ASSIGNED TASK: Give the whole listing below once more, exactly, without pictures.

RECORDED DATA:
=== Begin Enclosure ===

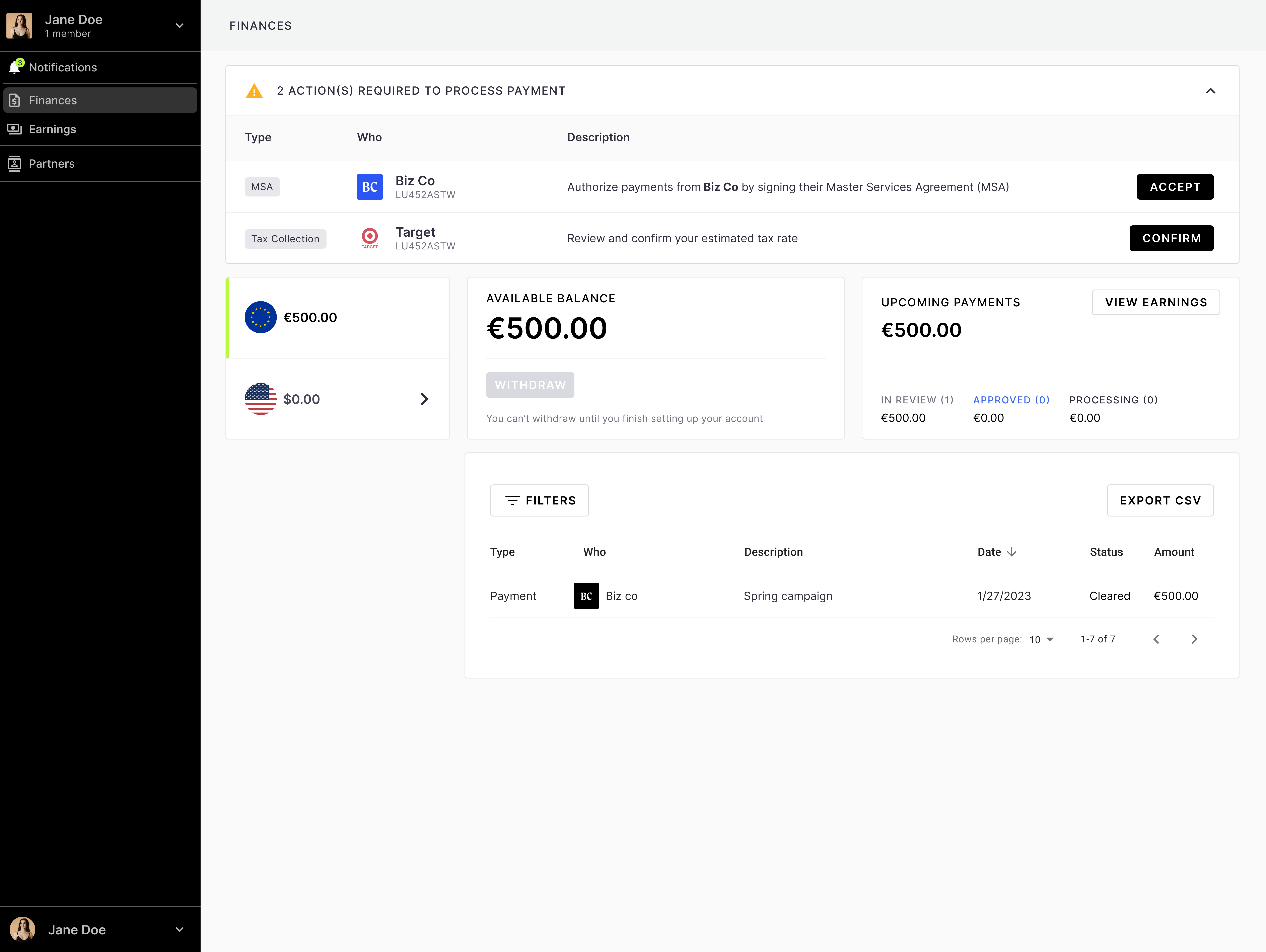 Make sure your business name, tax registration info, and rates look correct. Once confirmed, you’re all set to start receiving payments from your brand partners.
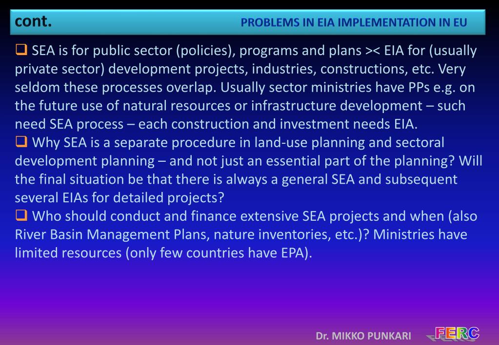 SEA is for public sector (policies), programs and plans >< EIA for (usually private sector) development projects, industries, constructions, etc. Very seldom these processes overlap. Usually sector ministries have PPs e.g. on the future use of natural resources or infrastructure development – such need SEA process – each construction and investment needs EIA. • Why SEA is a separate procedure in land-use planning and sectoral development planning – and not just an essential part of the planning? Will the final situation be that there is always a general SEA and subsequent several EIAs for detailed projects? • Who should conduct and finance extensive SEA projects and when (also River Basin Management Plans, nature inventories, etc.)? Ministries have limited resources (only few countries have EPA). cont. PROBLEMS IN EIA IMPLEMENTATION IN EU FERC Dr. MIKKO PUNKARI
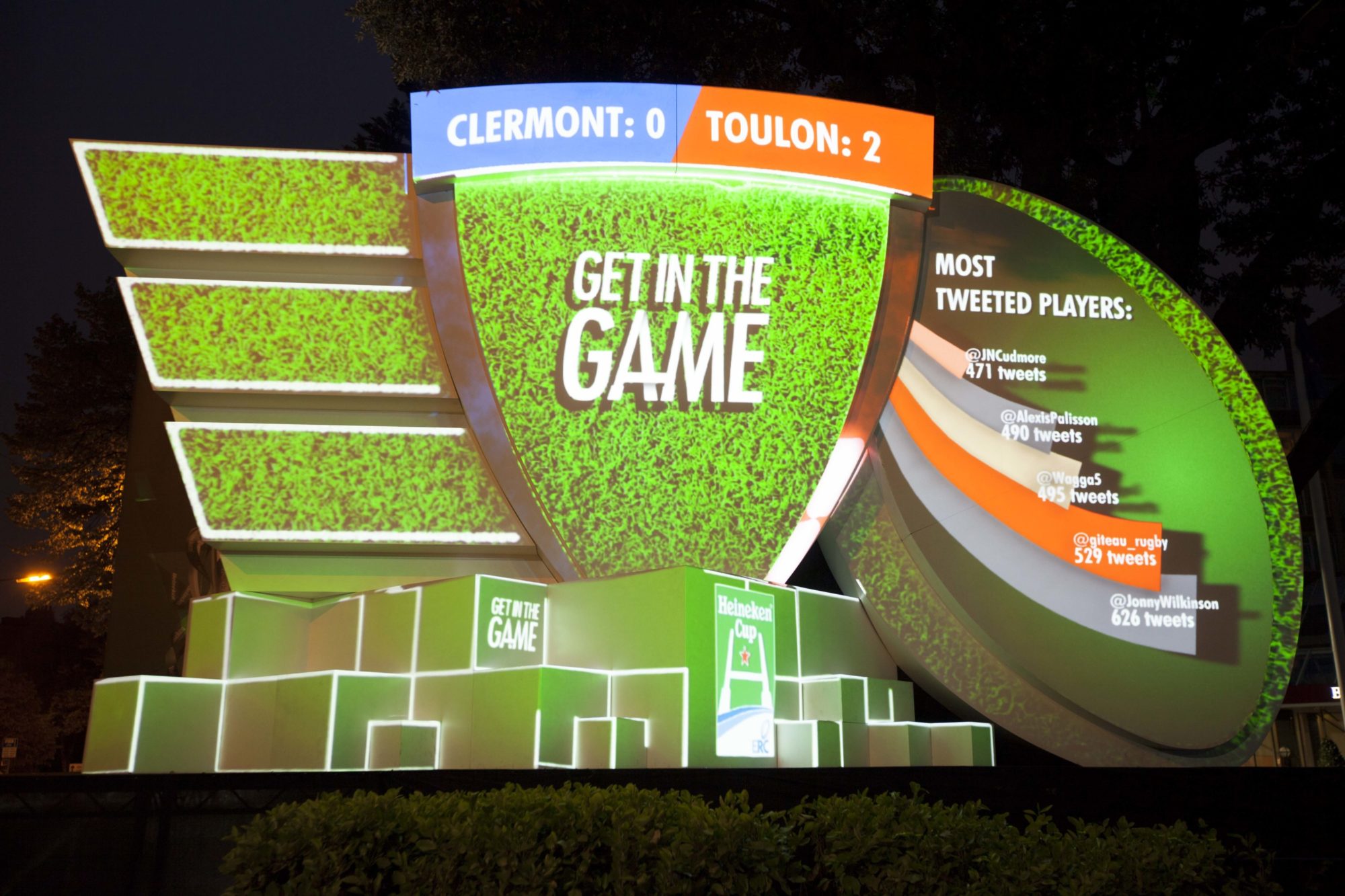 More than 800 guests donned headphones and gathered in the courtyard to experience the worlds first “silent disco” video-mapping show. The creative was mostly monochromatic to reflect the “Paint the Town Black” campaign, and featured dramatic effects and 3D fly-throughs inspired by Ireland’s most famous export. The heavy fluid simulations and black-and-white colour palette were a challenge, but our creative team achieved incredibly realistic effects using specialist fluid-dynamics software.

=== End Enclosure ===

ANSWER SECTION:
 Make sure your business name, tax registration info, and rates look correct. Once confirmed, you’re all set to start receiving payments from your brand partners.
 SEA is for public sector (policies), programs and plans >< EIA for (usually private sector) development projects, industries, constructions, etc. Very seldom these processes overlap. Usually sector ministries have PPs e.g. on the future use of natural resources or infrastructure development – such need SEA process – each construction and investment needs EIA. • Why SEA is a separate procedure in land-use planning and sectoral development planning – and not just an essential part of the planning? Will the final situation be that there is always a general SEA and subsequent several EIAs for detailed projects? • Who should conduct and finance extensive SEA projects and when (also River Basin Management Plans, nature inventories, etc.)? Ministries have limited resources (only few countries have EPA). cont. PROBLEMS IN EIA IMPLEMENTATION IN EU FERC Dr. MIKKO PUNKARI
 More than 800 guests donned headphones and gathered in the courtyard to experience the worlds first “silent disco” video-mapping show. The creative was mostly monochromatic to reflect the “Paint the Town Black” campaign, and featured dramatic effects and 3D fly-throughs inspired by Ireland’s most famous export. The heavy fluid simulations and black-and-white colour palette were a challenge, but our creative team achieved incredibly realistic effects using specialist fluid-dynamics software.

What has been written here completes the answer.